A resident of Gaza makes an appeal for people throughout the world to absorb the meaning of Israel’s 2009 onslaught.

Gaza has returned to its pre-massacre state of siege, confronted with the usual, conspiratorial, “international” indifference after 22 long days and dark nights, during which its brave people were left alone to face one of the strongest armies in the world–an army that has hundreds of nuclear warheads, and thousands of trigger-happy soldiers, armed with Merkava tanks, F-16s, Apache helicopters, naval gunships and phosphorous bombs.


Gaza now does not make the news. Its people die slowly, its children malnourished, its water contaminated, its nights dark. And yet it is deprived even a word of sympathy from the likes of Ban Ki-moon and the president of “Change–Yes We Can.”

Israel could not have carried out its genocidal war–preceded and followed by a medieval, hermetic siege–without a green light from the international community. During the massacre, one Israeli soldier commented: “That’s what is so nice, supposedly, about Gaza: You see a person on a road, walking along a path. He doesn’t have to be with a weapon, you don’t have to identify him with anything, and you can just shoot him.”

When apartheid Israel decided to attack the northern part of the Gaza Strip in late February and early March of 2008, we were threatened with a greater “shoah” (the Hebrew word for Holocaust) by Matan Vilnai, who was then the deputy minister of war.

Around 164 Palestinians, including 64 children were killed. What was the reaction of the international community? Absolutely nothing. In fact, the European Union (EU) decided to reward the oppressor by issuing declarations of intentions to upgrade their trade agreements with Israel, which, needless to say, served as a green light for the current atrocities. On Sunday, January 18, Israeli Prime Minister Ehud Olmert, a war criminal by any standard, expressed his pleasure to six European leaders for their “extraordinary support for the state of Israel and their concern about its security.”

In retrospect, the upgrading of relations between the EU and Israel in December 2008 was a green light for the larger Gaza massacre of 2009. In spite of the war crimes committed by the Israel Occupation Force [or IOF, as the Israel Defense Force is known to supporters of Palestinian self-determination] and in spite of the obvious fascist make-up of the current government, the EU will continue to strengthen bilateral relations with Tel Aviv.

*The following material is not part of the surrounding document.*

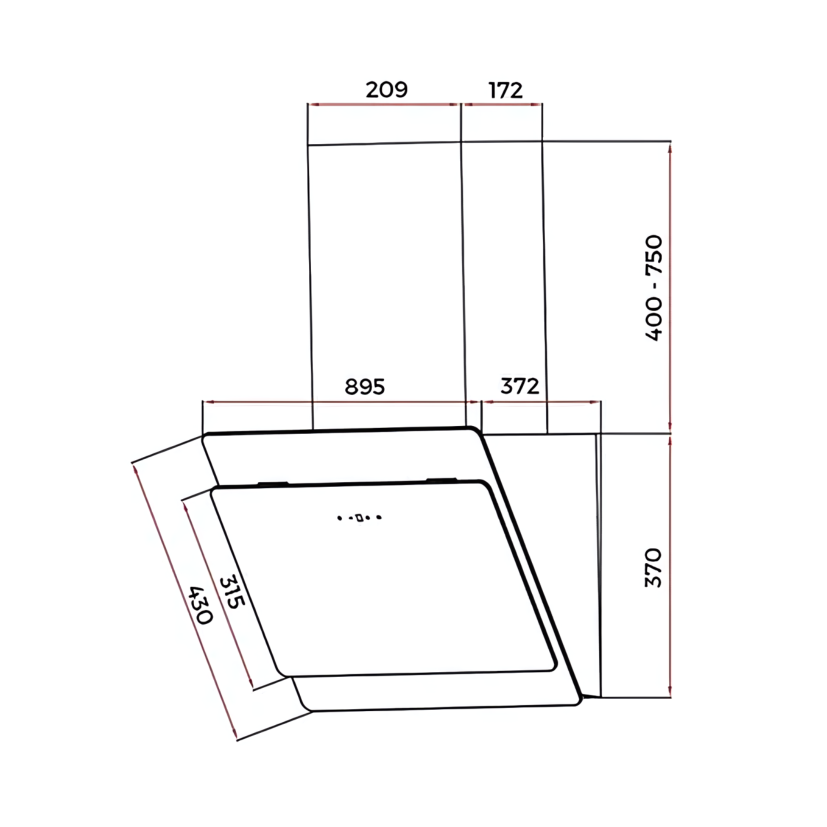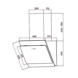 Product Dimensions (LxWxH) : 895 x 372 x 370 + 400/750 mm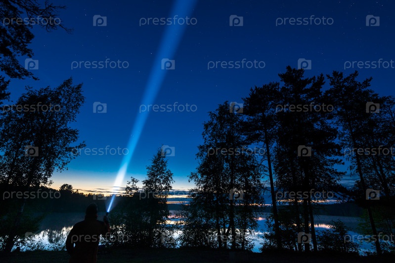 Луч фонаря освещает звездное небо с соснами ночного леса

Within this context, Ronnie Kasrils–who is Jewish, has been a member of the African National Congress since the 1960s, and played a leading role in the South African anti-apartheid struggle in the decades leading up to the dismantling of apartheid–said:

What [Hendrik] Verwoerd [the architect of South African apartheid] admired too was the impunity with which Israel exercised state violence and terror to get its way, without hindrance from its Western allies, increasingly key among them the U.S.A. What Verwoerd and his ilk came to admire in Israel…was the way the Western powers permitted an imperialist Israel to use its unbridled military with impunity in expanding its territory and holding back the rising tide of Arab nationalism in its neighborhood.

March 2008 was, then, a rehearsal for Gaza 2009. Israel knew that it could go on committing war crimes fully equipped with an international conspiracy of silence. The international community did not react in March 2008: why would it do otherwise in 2009? That was the Israeli logic, and so it remains. Mind you, Israel’s fascist foreign minister is of the opinion that Gaza should’ve been nuked. No wonder Adolf Hitler once said: “What luck for rulers that men do not think!”

For those who accuse us of subscribing to conspiracy theories, we have this reminder: in 2004, Israeli Professor Arnon Soffer, head of the IOF’s National Defense College and an adviser to Ariel Sharon, spelled out the desired results of Israel’s unilateral disengagement from Gaza in an interview with the Jerusalem Post:

[W]hen 1.5 million people live in a closed-off Gaza, it’s going to be a human catastrophe. Those people will become even bigger animals than they are today…The pressure at the border will be awful. It’s going to be a terrible war. So if we want to remain alive, we will have to kill and kill and kill. All day, every day…If we don’t kill, we will cease to exist…Unilateral separation doesn’t guarantee “peace”–it guarantees a Zionist-Jewish state with an overwhelming majority of Jews…

Then, there is the view bluntly expressed in 2002 by Israel’s then-chief of staff, Gen. Moshe Yaalon, and which I think sums up the objective of the hermetic medieval siege and the massacre: “The Palestinians must be made to understand in the deepest recesses of their consciousness that they are a defeated people.”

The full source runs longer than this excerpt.